◆ TASK DESCRIPTION
Look below for the line that has "Solinco Outlast (200". Set down the lines from there through the line that has "This is a choker", exactly as written.
___ RECORDED DATA ___
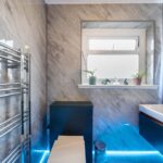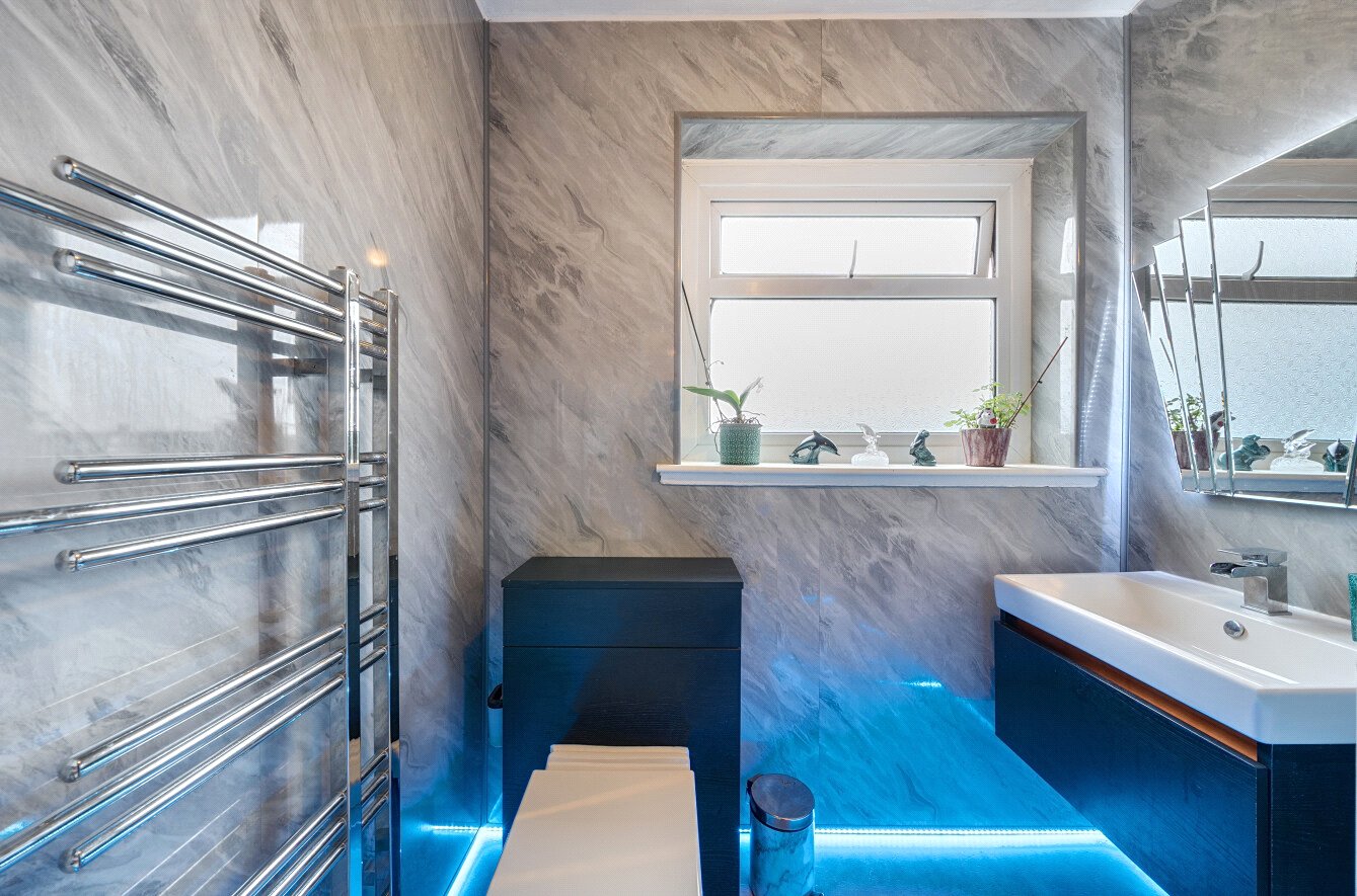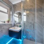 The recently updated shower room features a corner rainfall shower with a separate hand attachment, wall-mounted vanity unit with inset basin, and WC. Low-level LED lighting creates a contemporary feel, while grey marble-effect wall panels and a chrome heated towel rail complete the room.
___
___ RECORDED DATA ___
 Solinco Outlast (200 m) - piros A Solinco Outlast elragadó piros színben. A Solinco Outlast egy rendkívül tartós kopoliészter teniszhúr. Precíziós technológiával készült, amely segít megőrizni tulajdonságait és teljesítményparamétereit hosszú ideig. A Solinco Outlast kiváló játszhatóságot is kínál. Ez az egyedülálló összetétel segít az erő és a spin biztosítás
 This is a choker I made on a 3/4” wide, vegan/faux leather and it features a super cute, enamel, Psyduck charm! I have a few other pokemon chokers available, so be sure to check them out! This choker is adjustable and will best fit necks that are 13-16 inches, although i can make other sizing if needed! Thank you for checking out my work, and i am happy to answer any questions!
___
◆ WRITTEN REPLY
 Solinco Outlast (200 m) - piros A Solinco Outlast elragadó piros színben. A Solinco Outlast egy rendkívül tartós kopoliészter teniszhúr. Precíziós technológiával készült, amely segít megőrizni tulajdonságait és teljesítményparamétereit hosszú ideig. A Solinco Outlast kiváló játszhatóságot is kínál. Ez az egyedülálló összetétel segít az erő és a spin biztosítás
 This is a choker I made on a 3/4” wide, vegan/faux leather and it features a super cute, enamel, Psyduck charm! I have a few other pokemon chokers available, so be sure to check them out! This choker is adjustable and will best fit necks that are 13-16 inches, although i can make other sizing if needed! Thank you for checking out my work, and i am happy to answer any questions!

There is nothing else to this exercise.